SP1: SP1 is structurally similar to LPA, with the one difference of having a sphingosine backbone rather than glycerol. Sphingolipids are essential structural constituents of the plasma membrane of eukaryotic organisms and some bacteria, where they are highly enriched along with cholesterol in microdomains or lipid rafts. In response to a wide range of stressful stimuli, membrane sphingomyelin are rapidly metabolized to the bioactive sphingolipid intermediate, ceramide, and subsequently to sphingosine phosphorylation by two sphingosine kinases, resulting in the formation of SP1 [127].

3.2. Role of PAF, LPA, and SP1 in Atherosclerotic Progression

PAF: Experiments on animal models showed that PAF plays an important role in the pathogenesis of cardiovascular disorders, and some studies performed in humans reported elevated PAF levels in patients, with increased risk of ischemic events in those with coronary artery disease [68,69,70] (see Table 2). In particular, PAFs seems to stimulate reactive oxygen and nitrogen species, thus triggering the oxidative and nitrosative stress pathways, inducing vasoconstriction [128]. Various substances such as thrombin, angiotensin II, vasopressin, histamine, leukotrienes, and hydrogen peroxide cause the production of PAF in endothelial cells [129]. Other studies suggest that PAF plays a role in the evolution of myocardial injury observed during reperfusion [54] (see Table 1).
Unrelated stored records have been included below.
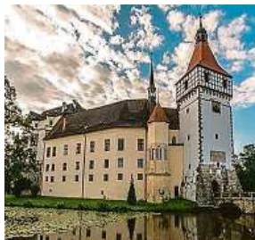
Památky, které nejspíš neznáte (zleva): zámky Blatná, Častolovice a Úholičky.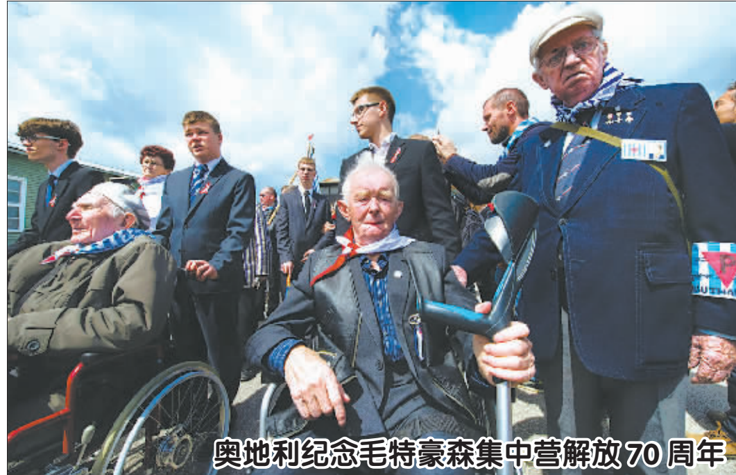
奥地利纪念毛特豪森集中营解放70周年

大臣兼大法官,原司法大臣克里斯·格雷林改任议会下院领袖兼枢密院议长,教育大臣尼克·摩根也继续留任。这是自1997年以来首个完全由保守党成员组成的内阁。卡梅伦虽然连任首相,但英国媒体认为新政府的任务仍然艰巨,其中最棘手的是苏格兰独立和英国脱离欧盟两个问题。苏格兰民族党领袖斯特金在胜选后表示,苏格兰的政治版图已经发生了重大变化,“在苏格兰,改变的声音越来越高”。而作为苏格兰民族党胜利的间接受益者,卡梅伦10日表示,会着手兑现承诺,给予苏格兰更大的自主权,但不会再有下一次苏格兰独立公投。卡梅伦还表示,会按照计划推进脱欧公投。就在卡梅伦组阁的同时,在选举中遭遇挫折的其他政党也有大变动。工党领袖米利班德、自由民主党主席克莱格和英国独立党主席法拉奇均在选举结束后辞职。本次大选还刺激英国民调机构做出反省。对于民调结果与选民投票结果大相径庭的现象,英国民意调查委员会总裁、知名选举问题专家柯蒂斯认为,一种可能是选民在最后一分钟大幅转向保守党,另一种可能是民调有问题,柯蒂斯说,该委员会将成立一个由无党派统计专家领导的调查团研究问题出在哪里。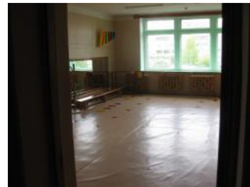
Физкультурный зал (№11)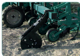
Kroje talerzowe prowadzące pielnik (OPCJA)

Oprócz najbardziej standardowych rozstawów między rzędami (do kukurydzy czy też do buraków) inne rozstawy również są dostępne na zamówienie.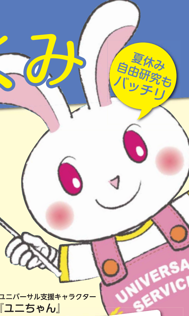
ユニバーサル支援キャラクター 『ユニちゃん』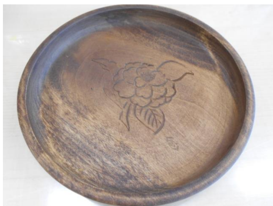
(※写真はイメージです。)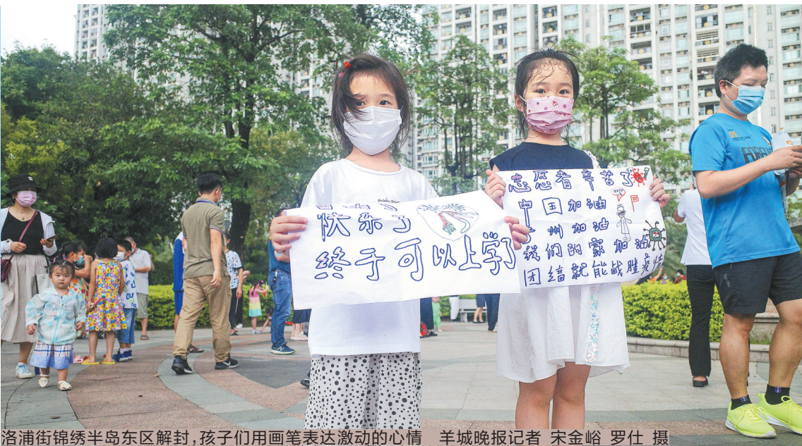
洛浦街锦绣半岛东区解封,孩子们用画笔表达激动的心情

根据上级指引,锦绣半岛东区解封后须继续落实7天防控管理。期间,东区住户必须每天通过“穗康”小程序申报个人健康状况,非东区住户(含快递员等)7天防控期内不能进入东区。

In conclusion, the effects of PAF are closely associated with atherosclerosis, through various mechanisms such as inflammation, endothelial dysfunction, oxidative and nitrosative stress, and platelet reactivity.
LPA: LPA exerts several effects on vasculature [130,131] resulting in vasoconstriction and increased blood pressure [132]. This happens through the activation of at least six known G-protein-coupled LPA receptors (LPARs) [133] and also peroxisome proliferator-activated receptor γ (PPARγ) [134], and P2Y10 [135]. Compared to normal arteries, individual LPARs are differentially expressed in human atherosclerotic lesions suggesting a distinct role in the initiation and progression of atherosclerosis [136]. Pathological conditions that involve platelet activation, such as inflammation and atherosclerosis, seem to increase LPA production [137]. LPA is elevated in the serum of patients with acute heart attacks [71] and with acute coronary syndrome [72] and is found accumulated in atherosclerotic plaques [73].
In the vasculature, platelets are one of the major sources of LPA production [138], and LPA in turn can contribute to thrombosis, a critical pathogenic condition of vascular diseases. LPA seems also to increase the permeability of the endothelium. In fact in HUVECs LPA via LPAR6-Gα13-RhoA-ROCK pathway induces actin stress fiber formation and increases cell permeability [139,140]. Finally, LPA promotes the progression of atherosclerosis via its various effects on inflammatory cells; for example, promoting inflammatory cell migration [141], cytokine secretion [142], and macrophage transformation [143]. LPA also regulates macrophage-related processes, ox-LDL uptake [143], and matrix metalloproteinase (MMP) secretion [144]. MMPs, particularly MMP9, are principle mediators of extracellular matrix production and degradation, which contribute to atherosclerotic plaque instability [145]. Key proteins in LPA homeostasis are increasingly dysregulated in the plaque during atherogenesis, favoring intracellular LPA production. This might at least partly explain the observed progressive accumulation of this thrombogenic proinflammatory lipid in human and mouse plaques. Thus, intervention in enzymatic LPA production may be an attractive measure to lower intraplaque LPA content, thereby reducing plaque progression and thrombogenicity [55].
SP1: S1P has emerged as a potent signaling molecule that regulates diverse cellular processes including cell proliferation, survival, differentiation, and migration [146], maintaining vascular integrity. S1P stimulates COX 2, suggesting the existence of a functional crosstalk between the sphingolipid and eicosanoid pathways [147]. Moreover, many of the cardioprotective functions of HDL, such as vasodilation, angiogenesis, and the endothelial barrier function, may be attributable to its S1P cargo [148]. In a mouse model of acute myocardial infarction, treatment with an engineered S1P chaperone (ApoM-Fc) attenuated myocardial damage after ischemia/reperfusion injury [56].
Additionally, ceramides, that belong to sphingolipids, are grouped in a class of bioactive lipids which are present during vascular inflammation [149], but they have opposing effects on vascular endothelium compared to S1P [150,151]. Ceramide properties mainly involve the regulation of apoptosis, and their signaling is potentially linked to atherosclerosis progression and pathology. Growing evidence indicates that circulating ceramides may predict acute cardiovascular risk, and may potentially be more predictive than LDL cholesterol [152].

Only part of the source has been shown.